Beneath this line are the data; copy exactly the part of them that opens with the line containing "Cestino Borsa Panno" and closes with the line containing "武当 | 主冰攻 【逆光终身包赔五折】", and only that part.

Start of DATA SHOWN

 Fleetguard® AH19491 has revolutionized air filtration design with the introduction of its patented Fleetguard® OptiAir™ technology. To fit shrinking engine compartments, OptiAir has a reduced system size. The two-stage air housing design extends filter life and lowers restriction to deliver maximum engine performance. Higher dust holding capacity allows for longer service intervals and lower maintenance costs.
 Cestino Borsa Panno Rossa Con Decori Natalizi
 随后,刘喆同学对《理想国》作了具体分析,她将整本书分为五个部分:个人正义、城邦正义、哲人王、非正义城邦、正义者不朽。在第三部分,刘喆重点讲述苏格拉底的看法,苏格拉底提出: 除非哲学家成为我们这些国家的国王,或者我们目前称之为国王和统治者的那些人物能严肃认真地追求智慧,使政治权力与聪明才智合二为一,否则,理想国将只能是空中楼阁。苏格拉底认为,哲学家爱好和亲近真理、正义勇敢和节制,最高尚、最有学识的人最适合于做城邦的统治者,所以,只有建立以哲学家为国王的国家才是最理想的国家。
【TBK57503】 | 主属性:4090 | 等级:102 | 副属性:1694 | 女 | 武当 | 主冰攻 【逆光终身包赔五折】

End of DATA SHOWN
Start of DATA SHOWN

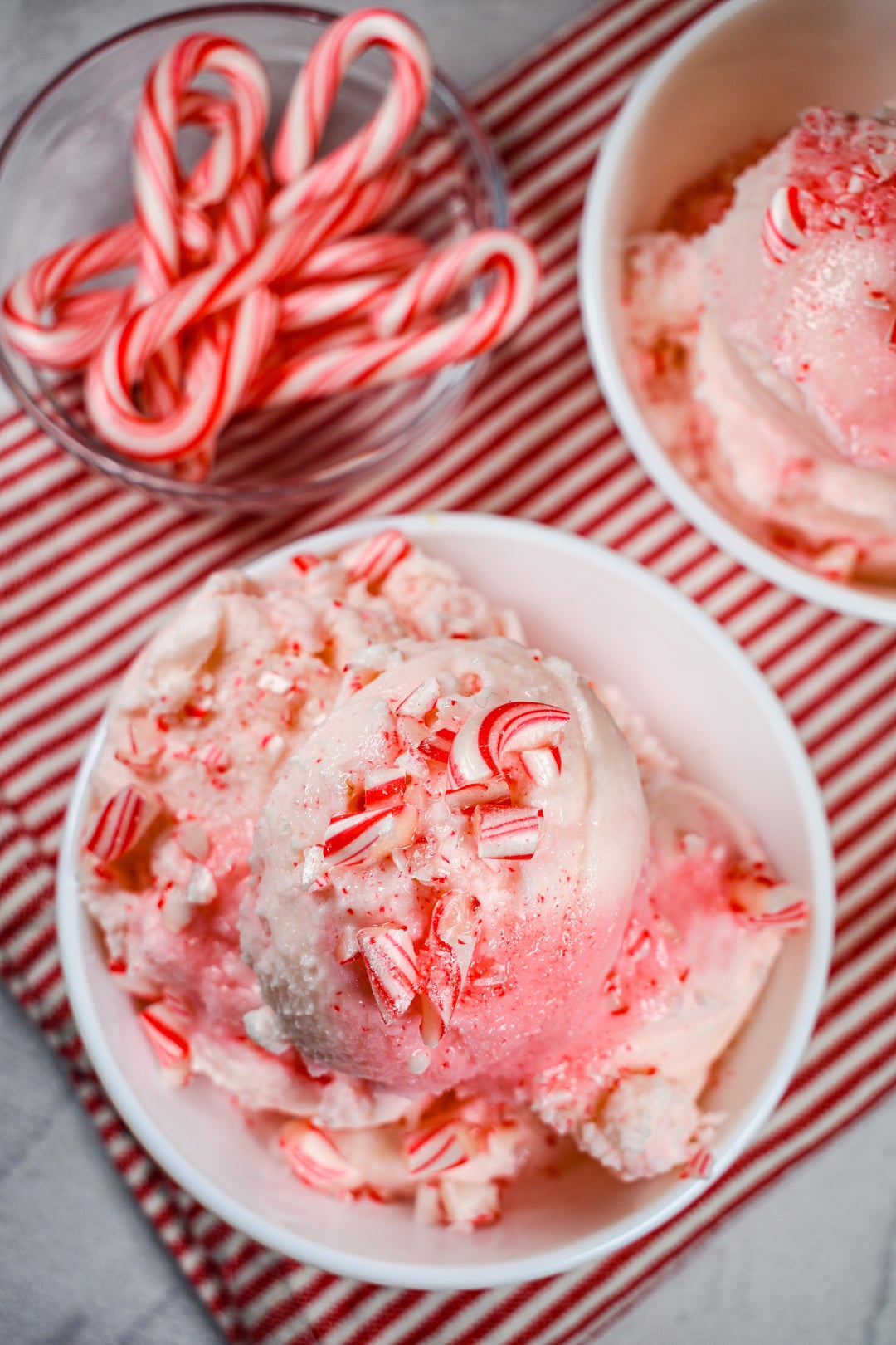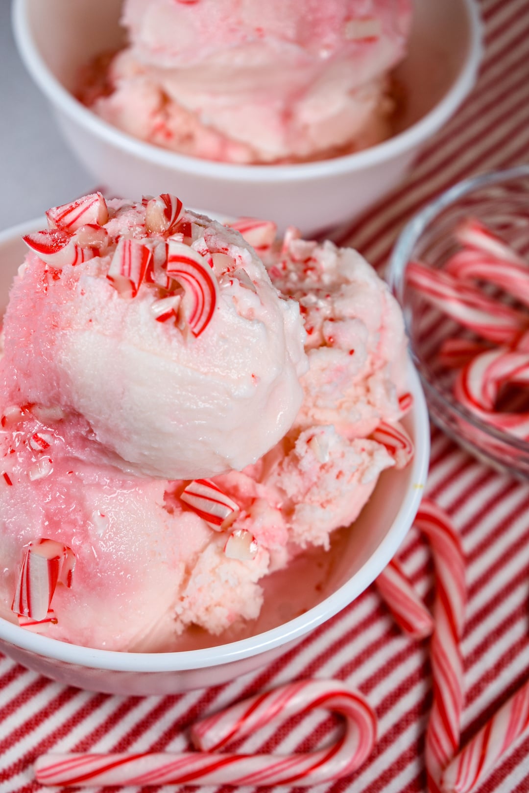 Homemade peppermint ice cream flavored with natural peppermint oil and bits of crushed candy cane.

End of DATA SHOWN
Start of DATA SHOWN

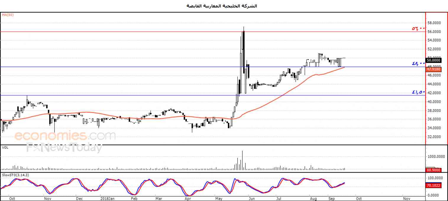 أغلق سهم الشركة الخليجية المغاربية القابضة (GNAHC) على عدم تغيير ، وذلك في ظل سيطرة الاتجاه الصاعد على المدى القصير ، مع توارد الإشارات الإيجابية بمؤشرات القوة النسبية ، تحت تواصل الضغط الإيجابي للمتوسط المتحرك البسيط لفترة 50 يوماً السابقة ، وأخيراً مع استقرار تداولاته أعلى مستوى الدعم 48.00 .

End of DATA SHOWN

FINISHED TASK:
 Cestino Borsa Panno Rossa Con Decori Natalizi
 随后,刘喆同学对《理想国》作了具体分析,她将整本书分为五个部分:个人正义、城邦正义、哲人王、非正义城邦、正义者不朽。在第三部分,刘喆重点讲述苏格拉底的看法,苏格拉底提出: 除非哲学家成为我们这些国家的国王,或者我们目前称之为国王和统治者的那些人物能严肃认真地追求智慧,使政治权力与聪明才智合二为一,否则,理想国将只能是空中楼阁。苏格拉底认为,哲学家爱好和亲近真理、正义勇敢和节制,最高尚、最有学识的人最适合于做城邦的统治者,所以,只有建立以哲学家为国王的国家才是最理想的国家。
【TBK57503】 | 主属性:4090 | 等级:102 | 副属性:1694 | 女 | 武当 | 主冰攻 【逆光终身包赔五折】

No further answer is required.